After a bundle install, I was good to go there. Next I had to put the profiling around the block of code I wanted to investigate:
require 'perftools' # At the top of the class PerfTools::CpuProfiler.start("/tmp/my_method_profile") my_method_call() PerfTools::CpuProfiler.stop
It’s pretty easy. I ran my code, and then I had the file /tmp/my_method_profile. But what to do with this binary file? Well, the simplest option is to run pprof.rb on it:
pprof.rb --text /tmp/my_method_profile
That will output a bunch of information, basically a list of the “samples” the profiler took in descending order of percentage of samples in the function — that is, the first entry is the one which was “seen” the most by the profiler. I recommend taking a look at the pprof documentation here.
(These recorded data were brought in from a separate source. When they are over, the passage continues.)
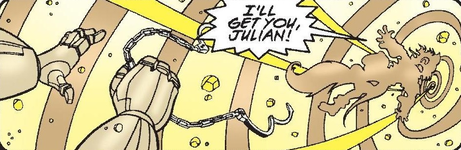 When Kodos attempted to take the Overlander Julian Kintobor under his wing as a future partner for his planned takeover, Julian betrayed Kodos and sent him into the Zone of Silence, as he already had plans to take over himself. Julian informed King Max that Kodos had died when he tried to use one of Naugus' devices which he did not fully understand. Julian replaced Kodos as Warlord and began planning his schemes.[8]
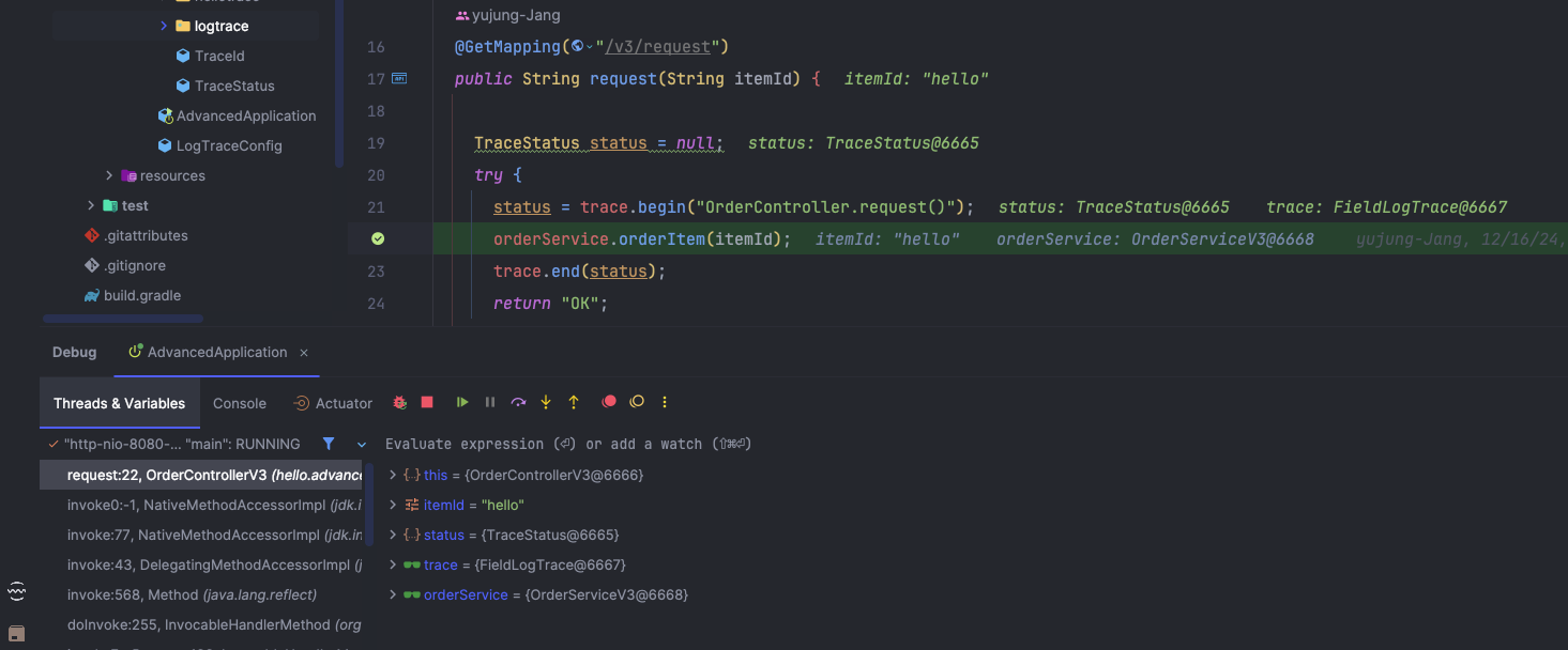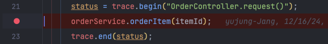 - Step Over: Break Point가 걸린 라인 실행 후 다음 라인 이동 (22번 → 23번 라인)
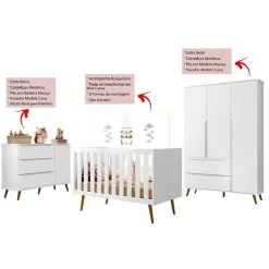 Quarto De Bebê Retrô Cômoda Com Porta Cris Berço 3 Em 1 Ludmila Branco Com Bétula Carolina Baby
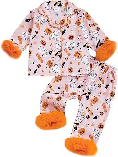 Toddler Baby Girl Satin Pajamas Set Silk Halloween Pjs Furry Cuff Button Down Top Long Pants Sleepwear Fall Clothes
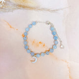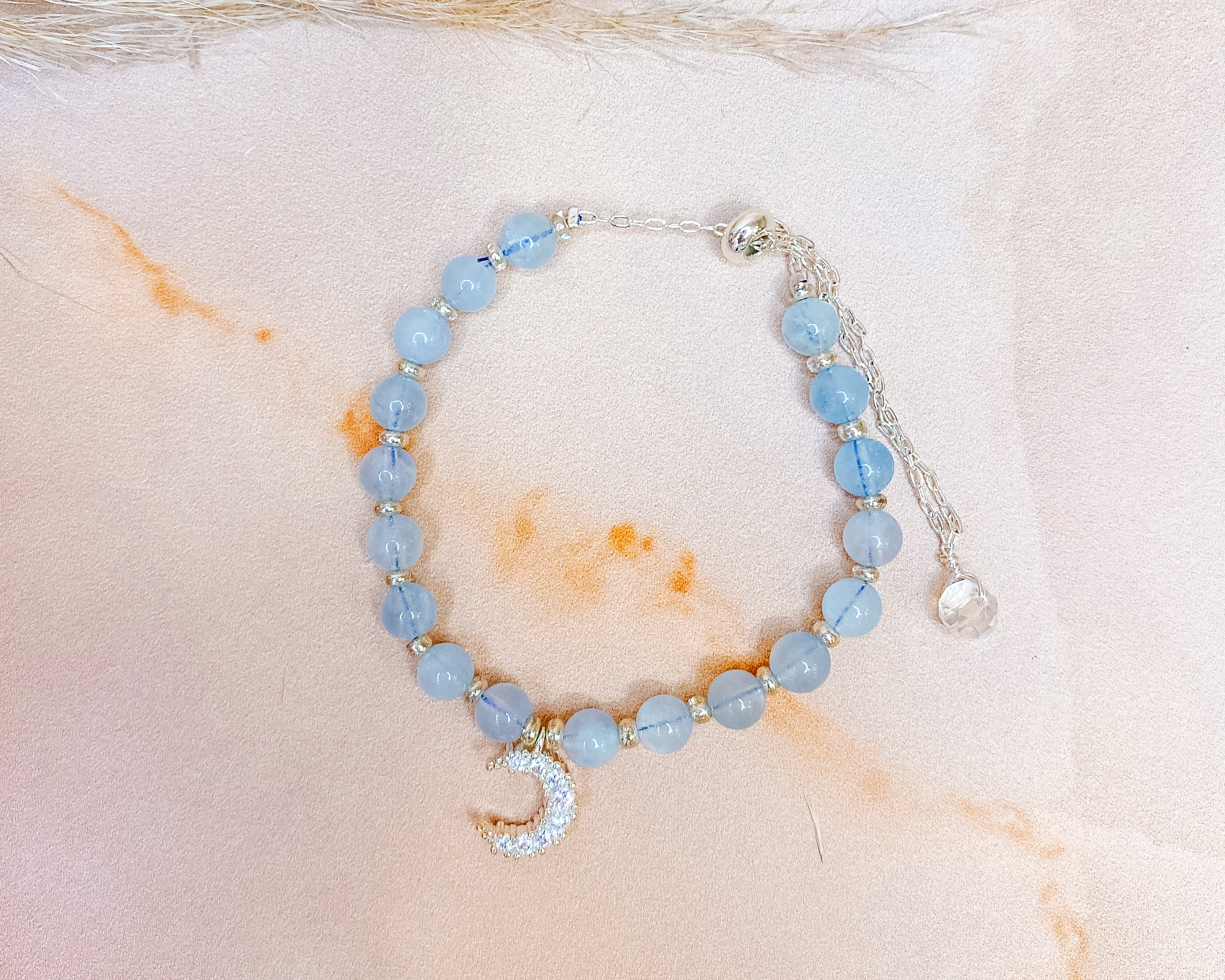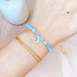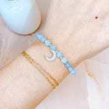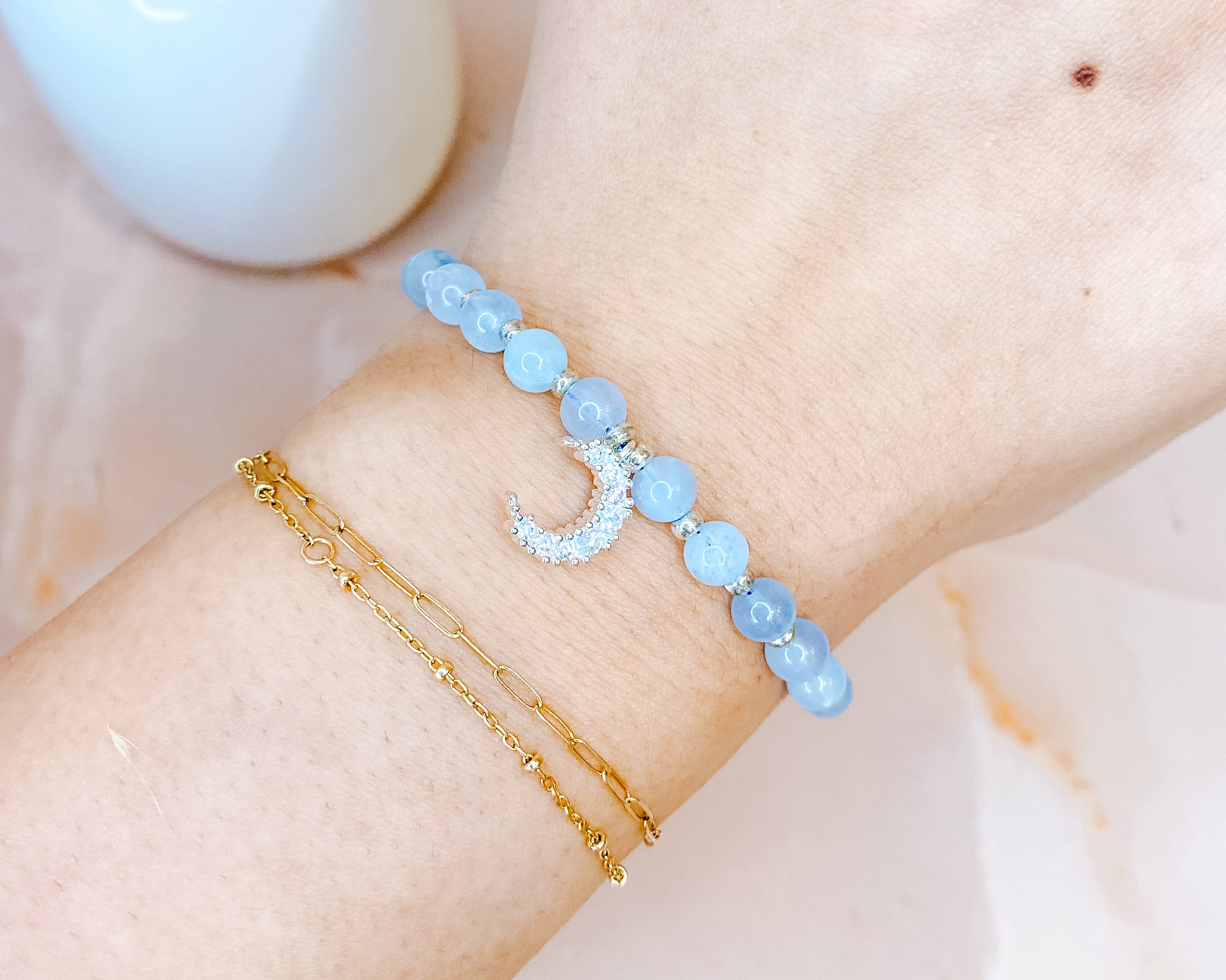 ⟡ Our "Celestial" Aquamarine Bracelet features a silver chain bracelet that is fully adjustable with icy Aquamarine beads (approximately 6mm) featuring a sparkly rhinestone crescent moon charm. The simplicity of this bracelet paired with the dainty crescent moon charm make this one of Sydney's favorite styles!
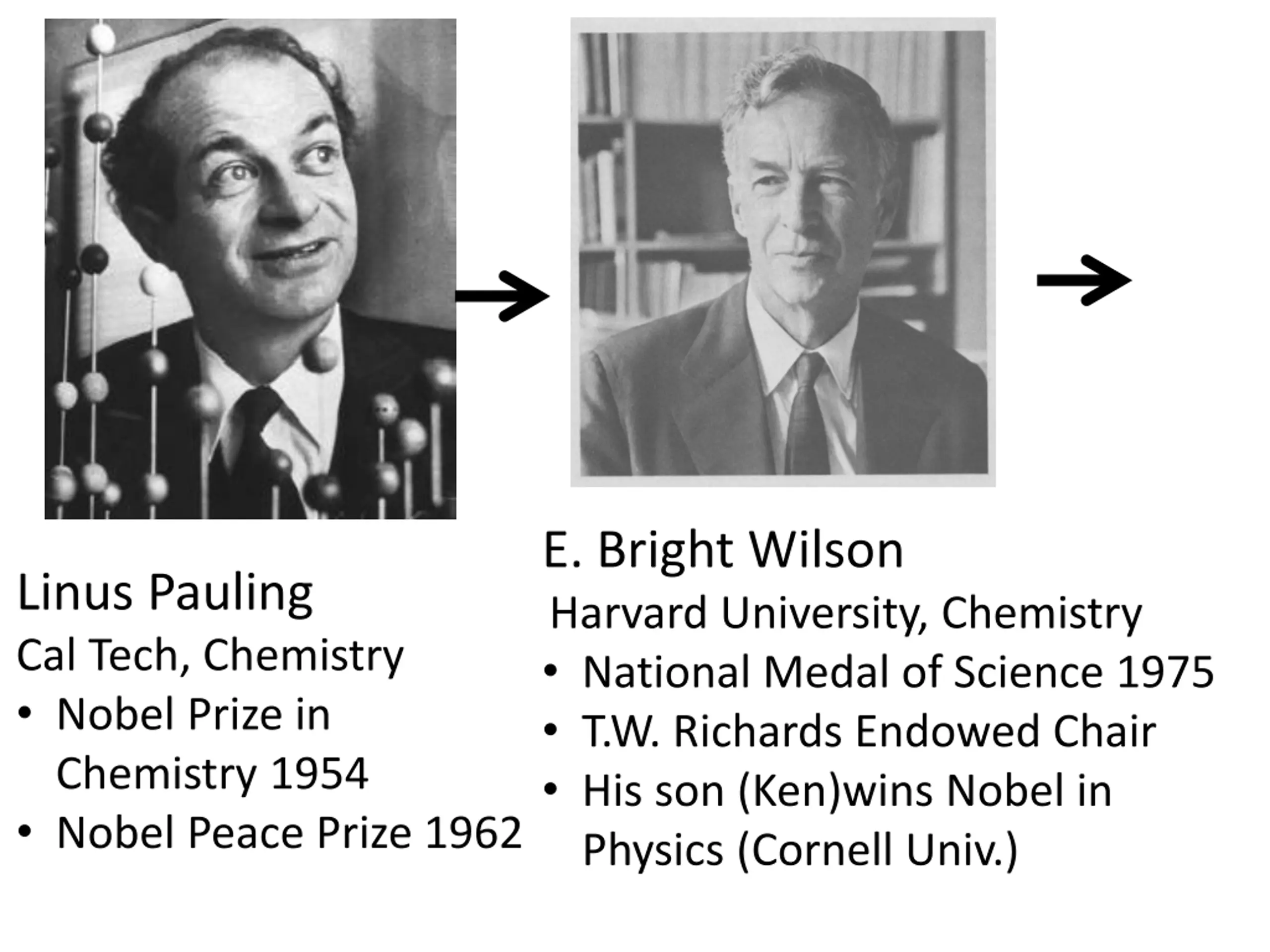 http://pages.pomona.edu/~wes04747/chem164/MolZoo/EBW.jpg E. Bright Wilson Harvard University, Chemistry National Medal of Science 1975 T.W. Richards Endowed Chair His son (Ken)wins Nobel in Physics (Cornell Univ.) Linus Pauling Cal Tech, Chemistry Nobel Prize in Chemistry 1954 Nobel Peace Prize 1962

That textual information is surely useful, but I hoped for more. Using callgrind output seemed very interesting, but I couldn’t use kcachegrind on my Mac. Thanks to this gist I was able to get qcachegrind, a Qt version, running. It’s not quite 100% happy with OS X 10.7 but it works. You’ll need Xcode installed, then follow the directions in that gist. I installed the latest “libs only” version of Qt, 4.8.0. Installing Graphviz was straightforward; you can follow the instructions in the gist or use Homebrew as well. I was then able to do the svn checkout of qcachegrind and build it. Note that the patch gist mentioned to let it open any file is no longer necessary — since that was written, a change to qcachegrind was made to allow it to open any file. Go ahead and do the qmake and make, and you should be good to go.
Okay, so now I could process the profile into callgrind format, and view it:
pprof.rb --callgrind /tmp/my_method_profile > /tmp/my_method_profile.grind open qcachegrind.app
Using qcachegrind I opened the /tmp/my_method_profile.grind file, and there it was! I could view the call graphs, and get some nice views of what was going on in the code.
If all you want is a straight-forward call graph, though, you can also (once you have Graphviz installed) generate a call graph GIF image with “pprof.rb –gif /tmp/my_method_profile > /tmp/my_method_profile.gif”. Open that GIF and you’ll have a very useful view of what was happening in the block of code you’re profiling.
I hope this quick summary is helpful — it’s not always easy to figure out precisely what’s happening your code, and perftools.rb can help out a great deal.